7+ Year Member
- Aug 17, 2010
- Resident [Any Field]
Interesting stuff from one of my favorite legal blogs. The blog has particular interest in market theory and economics, so it occasionally reaches broad topics. Check this one out regarding the admissions process as a market, and how that affects the rational applicant's decision on how many applications to send out (it's ostensibly about college admissions, but I think the med school angle is obvious):
Full post: http://volokh.com/2010/11/18/diversification-and-the-market-for-college-admissions/It seems to me maybe akin to the condition in portfolio theory that market prices in shares assume that risk that can be eliminated through diversification will be eliminated that way and will not be compensated for in share prices; the market assumes diversification. In college admissions, if large numbers of students diversify their risk by applying to a large number of colleges diversifying their holdings of lottery tickets to those colleges a student who fails to to diversify by applying to a large number of colleges will be penalized with lower odds of admission even beyond simply increasing the odds, other things equal.

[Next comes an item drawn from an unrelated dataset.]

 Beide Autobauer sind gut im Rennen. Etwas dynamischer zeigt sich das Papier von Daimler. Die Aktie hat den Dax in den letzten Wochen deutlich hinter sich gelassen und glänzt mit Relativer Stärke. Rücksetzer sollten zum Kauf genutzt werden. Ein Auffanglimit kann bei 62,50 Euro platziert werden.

Is this second proposition correct or is it not correct, or does proposition two merely collapse into proposition one? If there were only one student in the world applying, and colleges were not required to take any students at all, and if the chances of admission to any one college were genuinely unknown and uncertain as to the student, then presumably the student should increase the odds and hedge against the uncertainty by applying to more rather than fewer schools. That is proposition one.
The second proposition adds other students also applying. Given that they are also bidding for entry, and assuming the same unknowns, they will have the same reasons to increase the number of colleges to which they apply. So everyone ideally wants to apply everywhere. But if for some reason everyone else automatically applies to 100 colleges and you apply to only one, are your chances worse because of the fact that everyone else has applied to every available college? That is proposition two the addition of new players to the game who hold in effect a diversified portfolio while you hold only one application, and unlike stock, you havent bought lots and lots of application lottery tickets to that college; you can only buy one.

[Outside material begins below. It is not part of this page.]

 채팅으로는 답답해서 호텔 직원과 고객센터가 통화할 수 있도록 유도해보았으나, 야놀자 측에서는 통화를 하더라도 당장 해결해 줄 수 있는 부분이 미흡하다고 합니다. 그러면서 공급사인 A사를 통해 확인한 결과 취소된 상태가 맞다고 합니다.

My point is two fold, if Im right. One is that there are two very good reasons, one intrinsic and the other strategic, for increasing without limit the number of colleges to which you apply. The other is that if you fail to do so when others do, you put yourself in a distinctly worse relative position. Is this akin to market diversification and compensation for bearing diversified versus undiversified risk? Am I correct in this analysis or not? If not, what am I missing or doing wrong?